Airport Weeze is beautifully nestled in the middle of the Lower Rhine countryside near the border with the Netherlands. The area is not densely populated and offers numerous hiding places for wild animals with its forests, pastures and meadows. Airport Weeze promotes the “airport living space” and is aware of the great potential of its natural areas on its more than six million square meter site. Beyond the terminal and runway many animal species, also endangered ones, are at home, and the grounds offers perfect living conditions with renatured areas and gravel pits in the neighbourhood. Since many areas of the airport are not open to the public for security reasons, wild animals live there almost undisturbed.

The “inhabitants” include birds of prey such as eagle owls, foxes, rabbits, wild birds, bees, squirrels as well as many amphibian and insect species and bats.
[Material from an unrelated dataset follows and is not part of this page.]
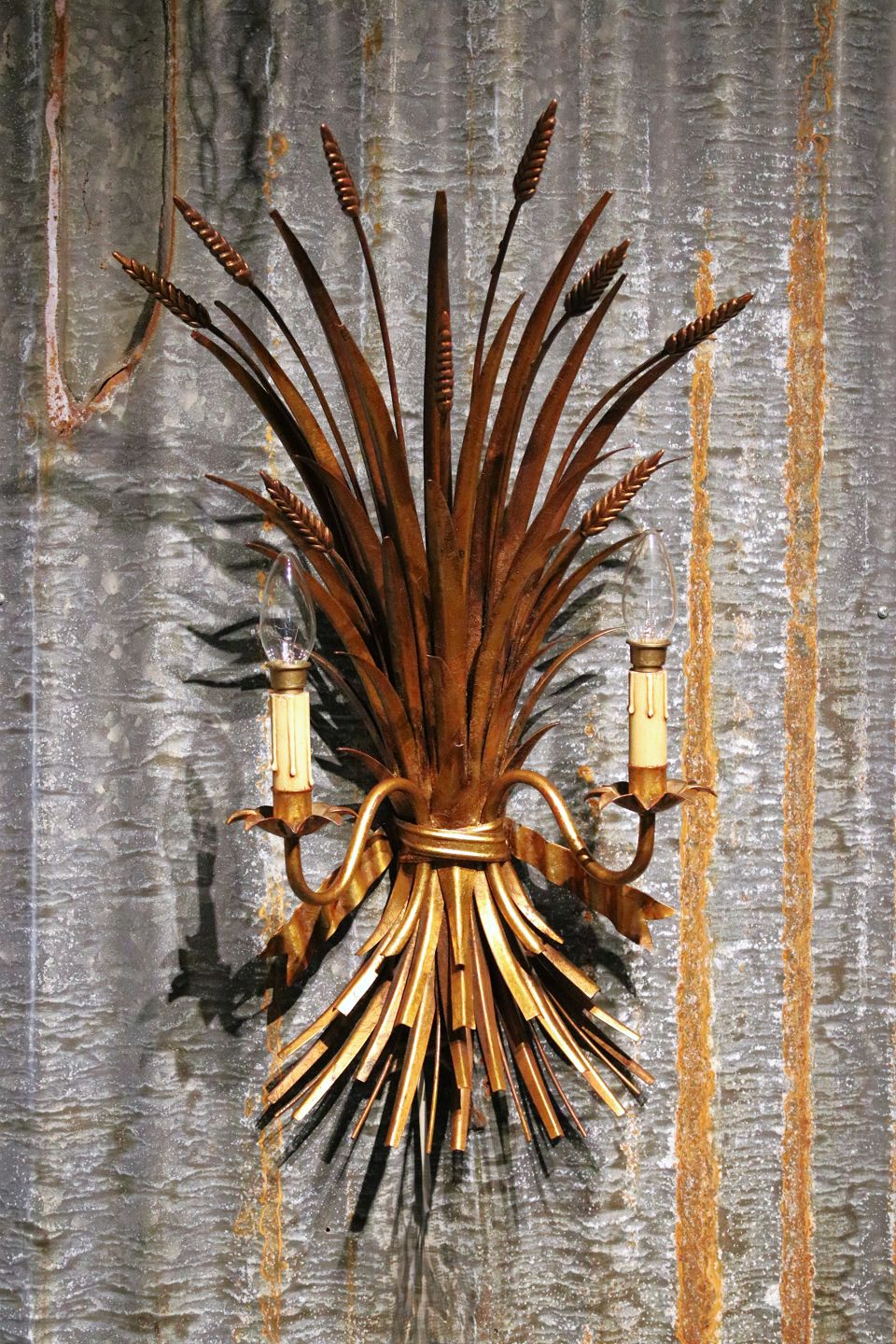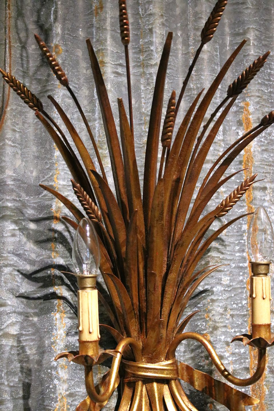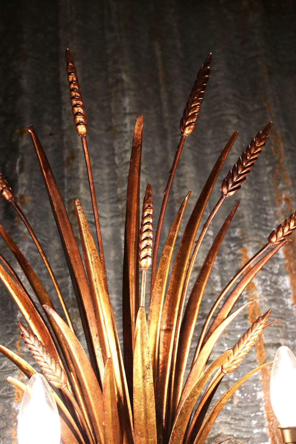 Stor forgyldt Hans Kögl metal væglampe (Buket af kornneg) i Hollywood Regency stil fra 60érne. Væglampen har 2 lyskilder og måler:

Airport Weeze is “one of the best habitats in the district of Kleve” according to Stefan R. Sundmann from the “North-Rhine Westphalian Ornithologists Society”. The biodiversity and number of breeding birds around the airport is unique, more than 100 breeding bird species have settled there. In comparison: there are about 180 throughout North Rhine-Westphalia. One of the special types of bird is the European nightjar, also known as the night swallow, which is relatively rare, but has the largest population in the district of Kleve at Airport Weeze. Better known are the nightingales, whose song can even be heard from the terminal in spring. Natterjack toads and smooth snakes have also discovered the airport grounds for themselves.